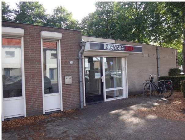
P vd Elsenplein 90 A

Eerst nr. 90 een eenlaags gebouw met plat dak en aan alle kanten gesloten rolluiken. Het bouwarchief is net zo gesloten als deze rolluiken. Het geeft enkel het bouwjaar prijs: 1988.
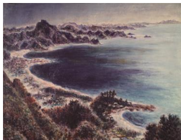
椿貞雄《鋸山から見た房総半島》
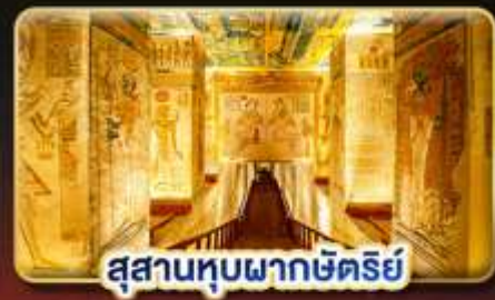
สุสานหุบผากษัตริย์

PROBLEM:
Take the lines from the one that contains "Eerst nr. 90" down to the last line of the listing above, both included, and set them down exactly, leaving out pictures.

ANSWER SPACE:
Eerst nr. 90 een eenlaags gebouw met plat dak en aan alle kanten gesloten rolluiken. Het bouwarchief is net zo gesloten als deze rolluiken. Het geeft enkel het bouwjaar prijs: 1988.
椿貞雄《鋸山から見た房総半島》
สุสานหุบผากษัตริย์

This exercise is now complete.